Data Warehousing Made Easy with Google BigQuery and Apache Airflow

Marcus Baitz
Jun 18 · 10 min read

Prefer reading code over blog posts? Head over to our Github repository to reproduce our example use case.


Google is releasing new Business Intelligence (BI) and Data Warehousing (DWH) services at high speed. Most recently, the BigQuery BI Engine is a fast, in-memory analysis service that allows you to analyze data stored in BigQuery. Furthermore, you can run Apache Airflow in a managed Kubernetes cluster with Google Cloud Composer to author, schedule, and monitor your ELT workflows. In my opinion, together with Data Studio for creating and sharing interactive reports and dashboards, this is the best combination to manage business data.

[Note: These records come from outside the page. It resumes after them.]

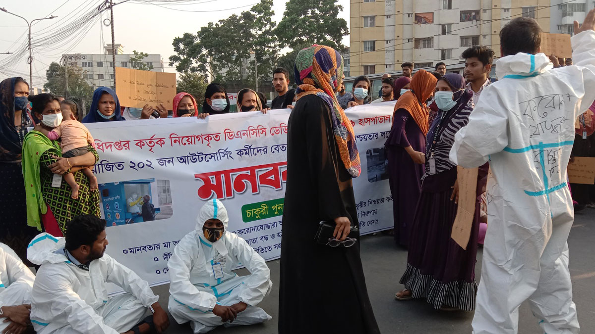 প্রায় এক বছর যাবৎ বেতন না পাওয়ার অভিযোগ ডিএনসিসি ডেডিকেটেড কোভিড-১৯ হাসপাতালে আউট সোর্সিং পদ্ধতিতে নিয়োগপ্রাপ্ত স্বাস্থ্যসেবা কর্মীদের। এরমধ্যেই আবার চাকরিচ্যুতির ঘোষণা দিয়েছে হাসপাতাল কর্তৃপক্ষ। এই অবস্থায় বেতনের দাবিতে সড়কে নেমে বিক্ষোভ করেছেন এ কর্মীরা।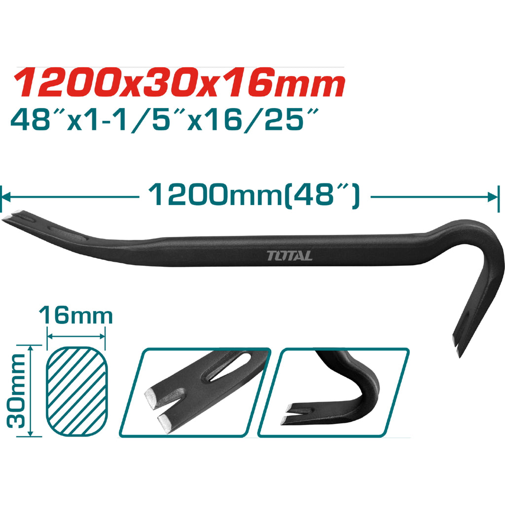 Pata de Cabra de 48''(1200mm) X 1-1/8''(29mm) X 19/32''(15.0mm). Mango Ovalado con Muesca (30°,68°). Material: Acero Al Carbono, Tratado Termicamente.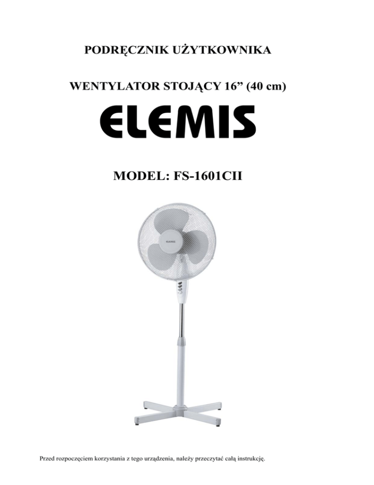 PODRĘCZNIK UŻYTKOWNIKA WENTYLATOR STOJĄCY 16” (40 cm) MODEL: FS-1601CII Przed rozpoczęciem korzystania z tego urządzenia, należy przeczytać całą instrukcję. Ostrzeżenia dotyczące bezpieczeństwa: 1. Należy sprawdzić, czy parametry na tabliczce znamionowej wentylatora odpowiadają parametrom zasilania w danym regionie. 2. Wtyczkę kabla zasilającego można włożyć do gniazdka dopiero po całkowitym złożeniu wentylatora. 3. Dzieci nie mogą się bawić pod wentylatorem. 4. Nie należy wkładać przez osłony palców ani innych obiektów, kiedy wentylator jest włączony. 5. Podczas przenoszenia wentylatora w inne miejsce, a także podczas czyszczenia należy wyłączyć zasilacz. 6. Gniazdo elektryczne musi być podłączone do instalacji uziemienia. 7. Jeśli przewód zasilający uległ zniszczeniu, to należy go wymienić na specjalny przewód miękki lub na specjalne części kupowane od producenta lub w punkcie obsługi konserwacyjnej. 8. Nachylenie powierzchni, na której umieszcza się wentylator, musi być mniejsze niż 10°. Nachylenie powierzchni, na której wentylator ma działać, musi być mniejsze niż 5°. 9. W celu bezpiecznego przetransportowania tego produktu należy zapakować w oryginalny karton i materiały opakowaniowe. 10. Dane techniczne mogą ulec zmianie, ze względu na stały proces usprawniania naszych produktów. Zastrzegamy sobie prawo do wprowadzania zmian i modyfikacji bez powiadomienia użytkownika. Jeśli w przyszłości zaistnieje konieczność wyrzucenia urządzenia, należy pamiętać, że zużyte urządzenia elektryczne nie powinny być wyrzucane wraz z odpadami domowymi. Jeśli w okolicy są centra recyklingu, należy tam przekazać urządzenie. Informacje dotyczące recyklingu można uzyskać od lokalnych władz lub od sprzedawcy sprzętu. (Dyrektywa w sprawie zużytego sprzętu elektrycznego i elektronicznego) CZĘŚCI WENTYLATORA 1 Krzyżak podstawy 2 Osłonka podstawy 3 Rurka zewnętrzna 4 Pokrętło regulacji wysokości 5 Rurka wewnętrzna 6 Nakrętka 7 Włącznik 8 Korpus włącznika 9 Obudowa silnika 10 Gałka trybu oscylacji 11 Oś 12 Osłona tylna 13 Nakrętka osłony 14 Śmigło 15 Nakrętka śmigła 16 Osłona przednia 17 Wypukła pokrywka Montaż: Najpierw należy zmontować krzyżak podstawy, odkręcić i wyjąć cztery śruby z listew i skrzyżować je. Cztery otwory na kołnierzu należy odpowiednio wyrównać. Następnie należy dokręcić cztery śruby i nałożyć na nóżki osłonkę podstawy. (Por. rys. 1) Osłonę tylną należy nałożyć z przodu silnika, a następnie dokręcić osłonę za pomocą nakrętki. (Por. rys. 2) Na oś silnika należy nałożyć śmigło, a następnie dokręcić je nakrętką. (Por. rys. 3) Całość należy przykryć przednią osłoną. Następnie należy połączyć osłonę przednią z osłoną tylną za pomocą przycisku. (Por. rys. 4) Rurkę wewnętrzną należy wyciągnąć z rurki zewnętrznej do odpowiedniej wysokości i skręcić je za pomocą pokrętła regulacji wysokości. Następnie należy nałożyć zmontowany korpus wentylatora na rurkę wewnętrzną. Na koniec należy przymocować korpus wentylatora za pomocą nakrętki. (Por. rys. 5) Obsługa: Włącznikami można włączać i wyłączać wentylator, a także ustawiać intensywność nawiewu: 0 = stop, 1 = niska prędkość, 2 = średnia prędkość, 3 = wysoka prędkość. Po wciśnięciu gałki trybu oscylacji głowica będzie się obracać na boki podczas wentylowania. Po podniesieniu tej gałki wentylator będzie nawiewał powietrze cały czas w jednym kierunku. Po odkręceniu pokrętła nachylenia można ustawić kąt nawiewu powietrza (góra-dół). Po regulacji należy dokręcić to pokrętło. Konserwacja 1. Do wycierania wentylatora należy używać wilgotnej ściereczki z detergentem lub suchej ściereczki. 2. Przed rozpoczęciem czyszczenia należy odłączyć zasilanie. 3. Nie należy stosować benzyny ani innych środków chemicznych do czyszczenia plastikowych części wentylatora. 4. Nie należy spłukiwać wentylatora wodą. 5. Podczas czyszczenia nie należy otwierać obudowy. Wewnątrz nie ma żadnych elementów obsługiwanych przez użytkownika. 6. Raz w roku należy wkropić do przedniego i tylnego łożyska w silniku niewielką ilość dobrej jakości smaru lub oleju do maszyn do szycia. 7. Wentylator może być używany w miejscach suchych i przewiewnych. Jeśli nie korzysta się z wentylatora, należy go odpowiednio zapakować. Nie należy przyciskać wentylatora podczas przechowywania. 8. Aby uniknąć zagrożenia w przypadku uszkodzenia kabla zasilającego, należy zlecić jego wymianę producentowi, autoryzowanemu punktowi serwisowemu lub osobie o odpowiednich kwalifikacjach. Telestar Electronics Ltd. Sp. z o.o. ul. Matuszewska 14, 03-876, Warszawa http://www.myelemis.pl INFOLINIA: 0801 45 10 10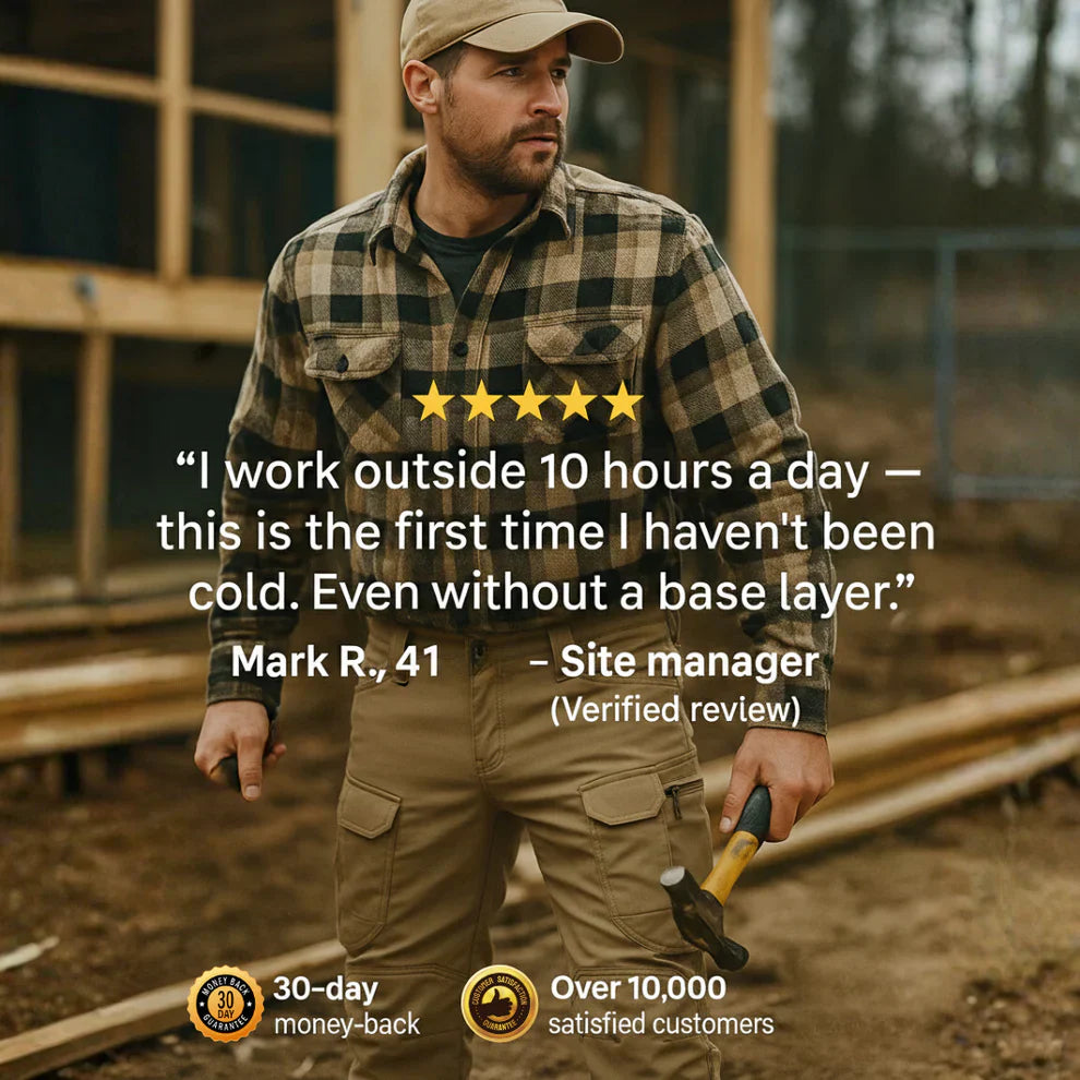 You’re lifting, kneeling, working — and your legs feel warm but breathable. No stiffness. No freezing denim. No wet thermals.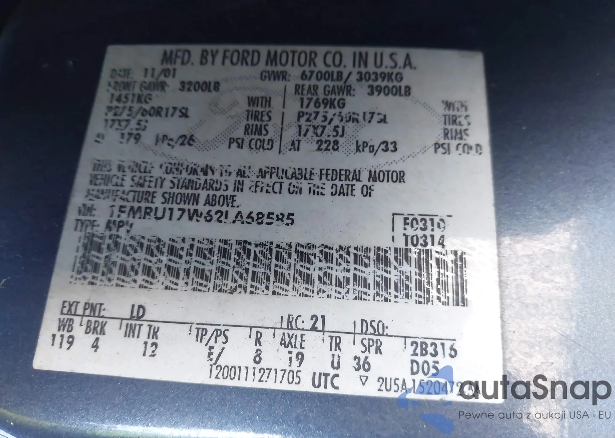• VIN 1FMRU17W62LA68585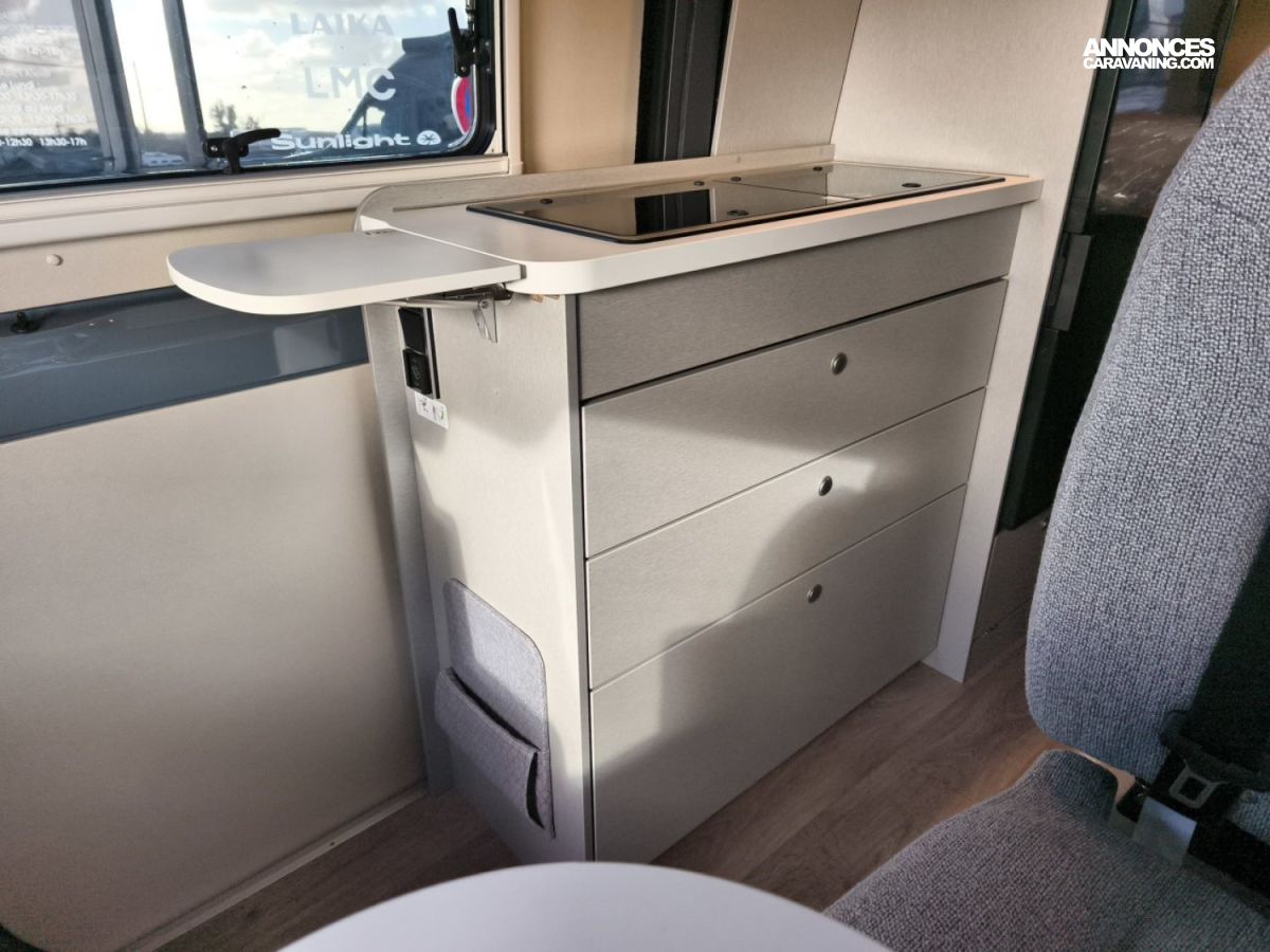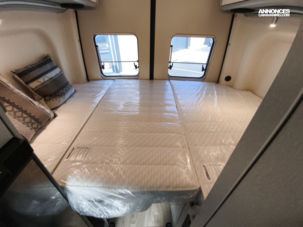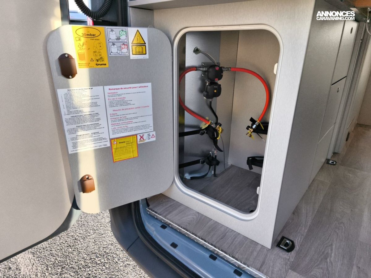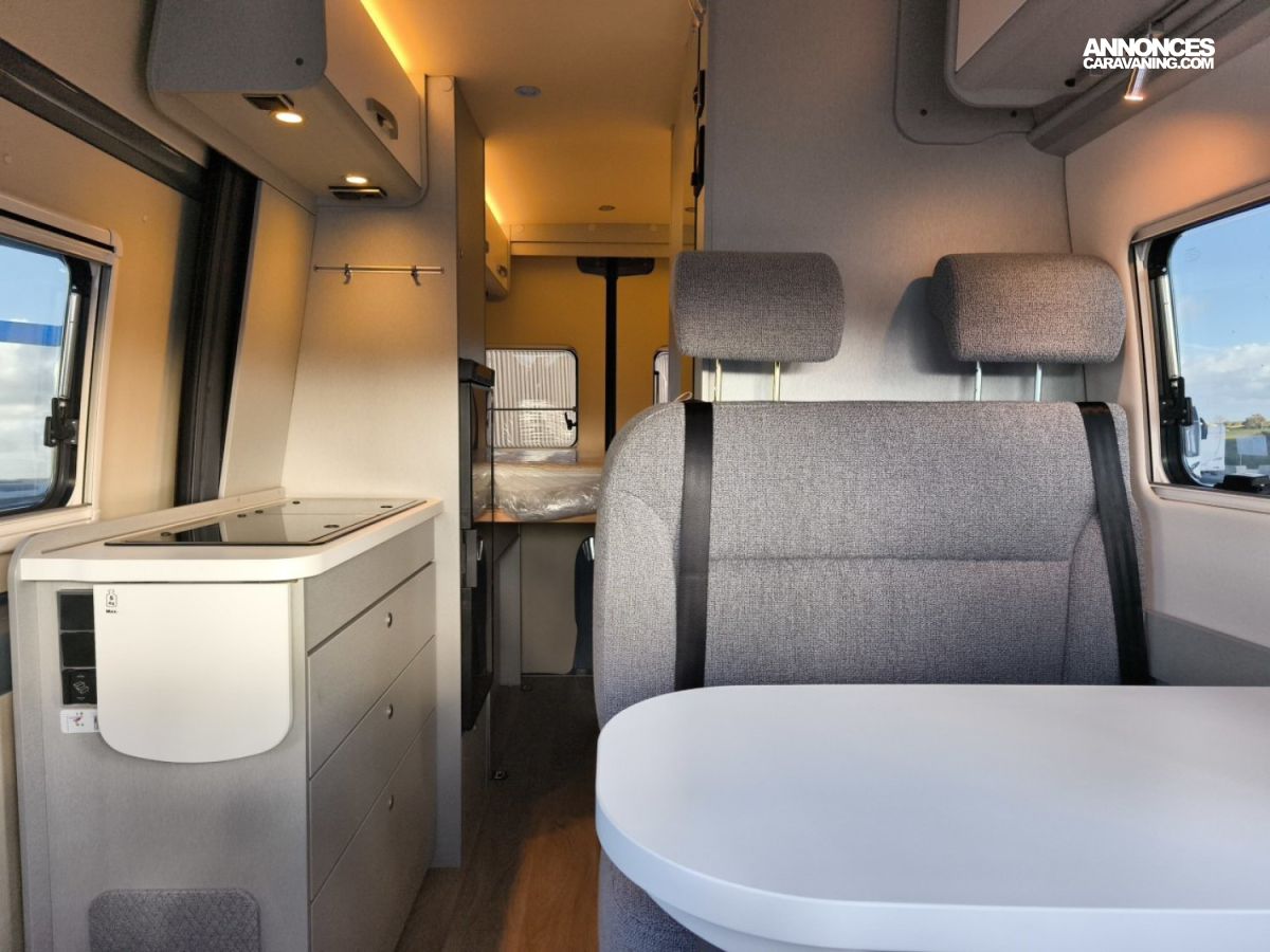 - Pack "Campus" (Régulateur de vitesse actif Distronic Plus avec commandes au volant, boîte de vitesse automatique 9G-Tronic, système multimédia MBUX avec écran tactile 10.25" et caméra de recul + navigation, prédisposition audio avec 4 haut-parleurs, instrumentation avec écran "Pixel-Matrix" Mercedes, volant en cuir, climatisation semi-automatique Tempmatic, store plissés de cabine, prises supplémentaires, réservoir d'eaux usées isolé et chauffé, 2 coussins + pochette de rangement, mobilier coloris blanc, fixations Isofix, sérigraphie noir mat des jupes latérales, store 3m avec boîtier anthracite, toit relevable coloris du véhicule avec couchage double, jantes alu 16" coloris noir avec pneus 4 saisons, bandes décoratives chromées sur la calandre rétroviseurs électriques et dégivrants, réservoir carburant 92L,, peinture coloris gris bleu pastel, motorisation 170cv, tissu "Korfu"),

In this blog post, we illustrate how we use Google Cloud Platform (GCP) to take on BI, ELT, and DWH projects. In these projects, we frequently encounter similar tasks and challenges that can be summarized as follows:

  • Listen to new data arriving in Google Cloud Storage (or any of the many other supported data sources)
  • Insert only new data (change data capture) into the BigQuery DWH
  • No side effects, such as duplicates, after re-runs of our data pipelines (idempotence) to allow for data reprocessing
  • Managing everything as code, to allow rebuilding the pipeline and DWH from scratch at any time
  • Provide fast dashboards and efficient BI tooling to a variety of different stakeholders

In our customer projects, we integrate constantly growing transaction data with master data to allow for an up-to-date BI experience. For this project, we use a clear, self-explanatory example from the world of football (soccer, that is, for our American readers).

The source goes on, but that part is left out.